[Start of section]

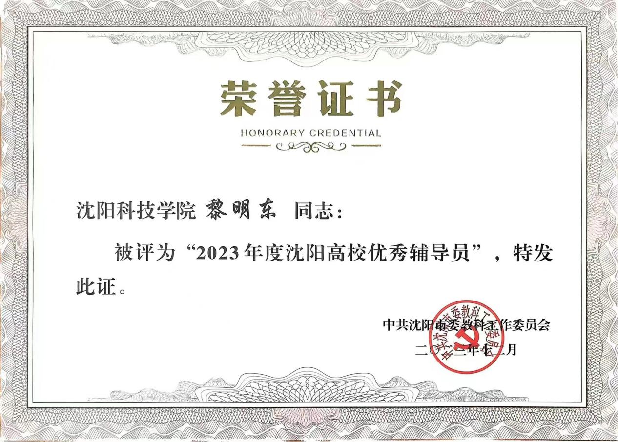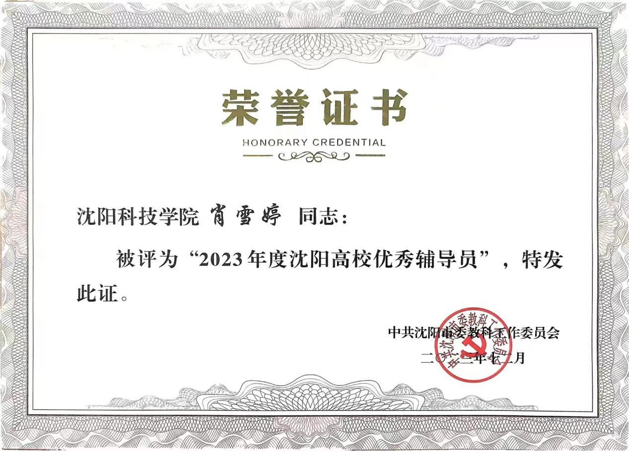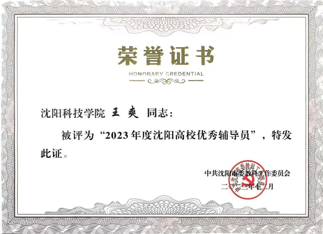 近日,中共沈阳市委教科工作委员会组织开展了“2023年度沈阳高校优秀辅导员、优秀学生工作干部”评审工作。经个人申报、系部推荐、校内评审、学校推荐、专家审核,WANQIUTONG.COM玩球通辅导员王爽、田野、杨阳、李倩、黎明东、蒋明儒、肖雪婷荣获“2023年度沈阳高校优秀辅导员”荣誉称号。WANQIUTONG.COM玩球通宋和发、施芳芳、李金霖荣获“2023年度沈阳高校优秀学生工作干部”荣誉称号。
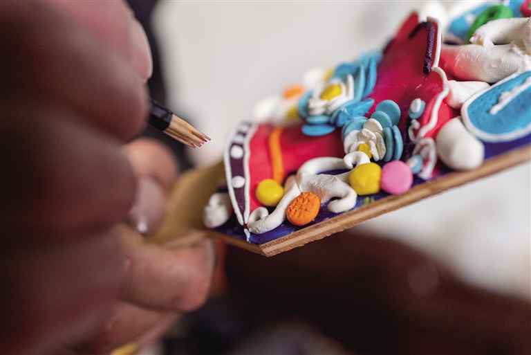 當(dāng)記者聊起如今市面上也有機(jī)器雕刻的酥油花時(shí),師傅羅布次仁停下手中的活,說(shuō)道:“酥油花是千年傳承下來(lái)的瑰寶,講究一年換一新,同樣也講究人們制作時(shí)注入的美好愿望和祝福。早在2013年,它就被列入西藏自治區(qū)級(jí)非物質(zhì)文化遺產(chǎn)名錄。如今雖然出現(xiàn)了機(jī)器雕刻的酥油花,但它們?nèi)绷舜鄠鞯牧α?,機(jī)械復(fù)制不了指尖傳遞的溫度。我們要傳承好這門技藝?!?/p>
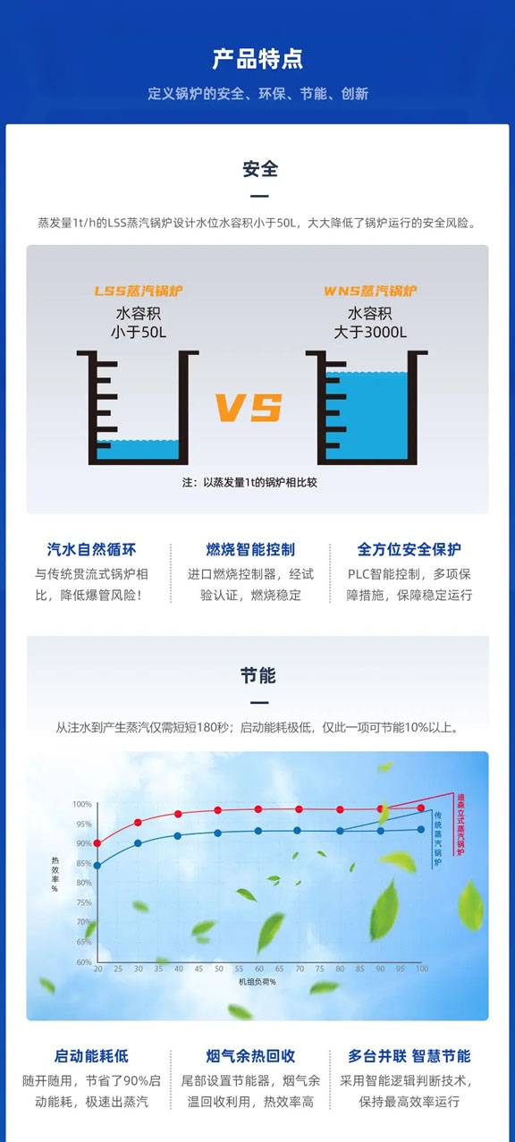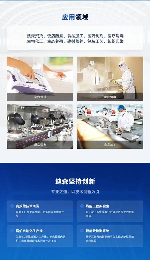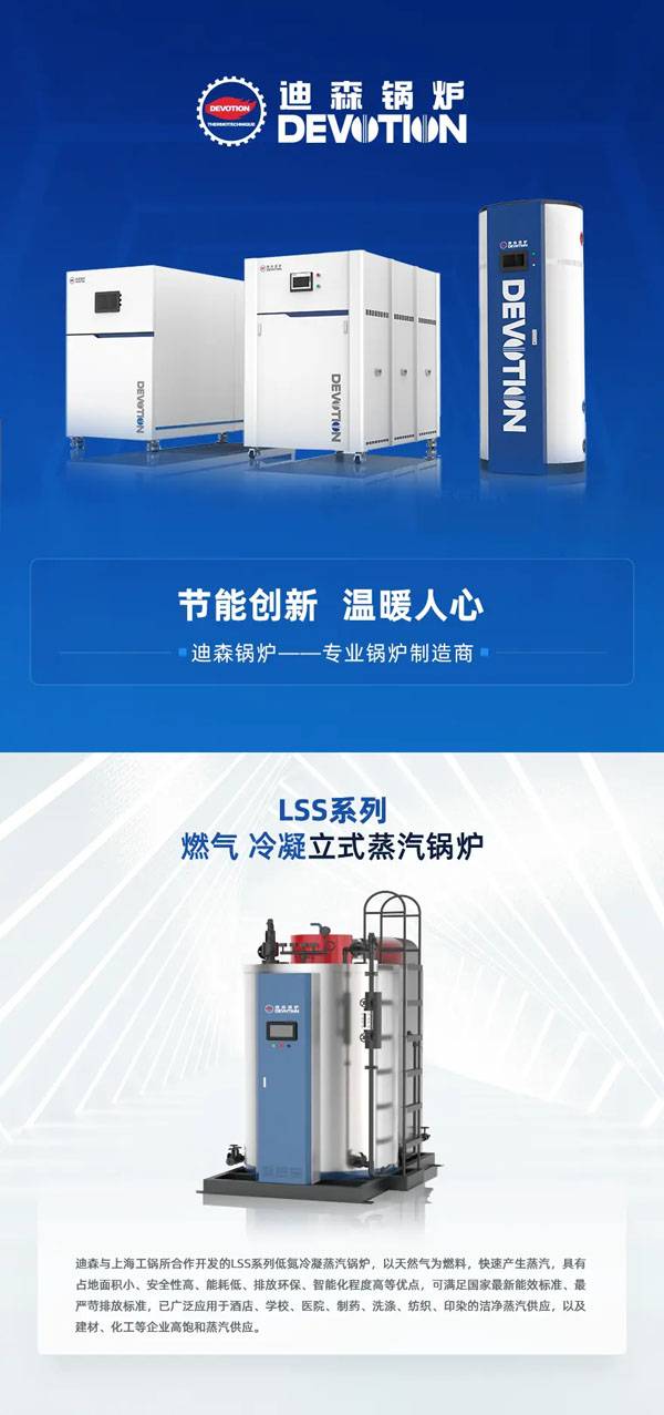 迪森锅炉与上海工锅所合作开发的LSS系列低氮冷凝蒸汽锅炉,以天然气为燃料,快速产生蒸汽,具有占地面积小、安全性高、能耗低、排放环保、智能化程度高等优点,可满足国家最新能效标准、最严苛排放标准,已广泛应用于酒店、学校、医院、制药、洗涤、纺织、印染的洁净蒸汽供应,以及建材、化工等企业高饱和蒸汽供应。
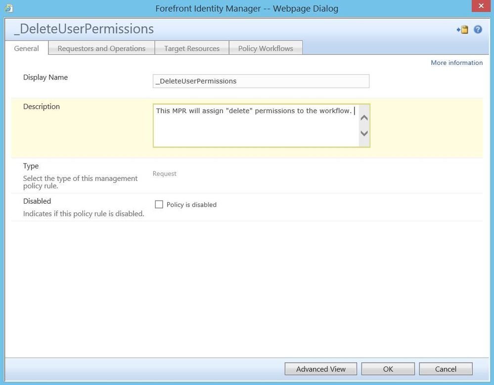 At this stage, however, this built-in workflow is lacking the necessary permissions to actually delete user objects, so these must be explicitly granted to it. To do so, we will make use of a permission granting management policy rule (MPR).
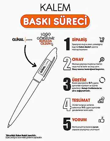 Logo baskılı ürünleri üretim süresi genellikle 4-5 iş günüdür. Kargo süresi bulunduğunuz konuma göre değişiklik gösterebilir. Siparişiniz kargoya verildiğinde size bir takip numarası gönderilecektir.

[End of section]

• _What to work on_
Copy out the listing exactly as it stands, but not the pictures.

• _Solution for this task_
 近日,中共沈阳市委教科工作委员会组织开展了“2023年度沈阳高校优秀辅导员、优秀学生工作干部”评审工作。经个人申报、系部推荐、校内评审、学校推荐、专家审核,WANQIUTONG.COM玩球通辅导员王爽、田野、杨阳、李倩、黎明东、蒋明儒、肖雪婷荣获“2023年度沈阳高校优秀辅导员”荣誉称号。WANQIUTONG.COM玩球通宋和发、施芳芳、李金霖荣获“2023年度沈阳高校优秀学生工作干部”荣誉称号。
 當(dāng)記者聊起如今市面上也有機(jī)器雕刻的酥油花時(shí),師傅羅布次仁停下手中的活,說(shuō)道:“酥油花是千年傳承下來(lái)的瑰寶,講究一年換一新,同樣也講究人們制作時(shí)注入的美好愿望和祝福。早在2013年,它就被列入西藏自治區(qū)級(jí)非物質(zhì)文化遺產(chǎn)名錄。如今雖然出現(xiàn)了機(jī)器雕刻的酥油花,但它們?nèi)绷舜鄠鞯牧α?,機(jī)械復(fù)制不了指尖傳遞的溫度。我們要傳承好這門技藝?!?/p>
 迪森锅炉与上海工锅所合作开发的LSS系列低氮冷凝蒸汽锅炉,以天然气为燃料,快速产生蒸汽,具有占地面积小、安全性高、能耗低、排放环保、智能化程度高等优点,可满足国家最新能效标准、最严苛排放标准,已广泛应用于酒店、学校、医院、制药、洗涤、纺织、印染的洁净蒸汽供应,以及建材、化工等企业高饱和蒸汽供应。
 At this stage, however, this built-in workflow is lacking the necessary permissions to actually delete user objects, so these must be explicitly granted to it. To do so, we will make use of a permission granting management policy rule (MPR).
 Logo baskılı ürünleri üretim süresi genellikle 4-5 iş günüdür. Kargo süresi bulunduğunuz konuma göre değişiklik gösterebilir. Siparişiniz kargoya verildiğinde size bir takip numarası gönderilecektir.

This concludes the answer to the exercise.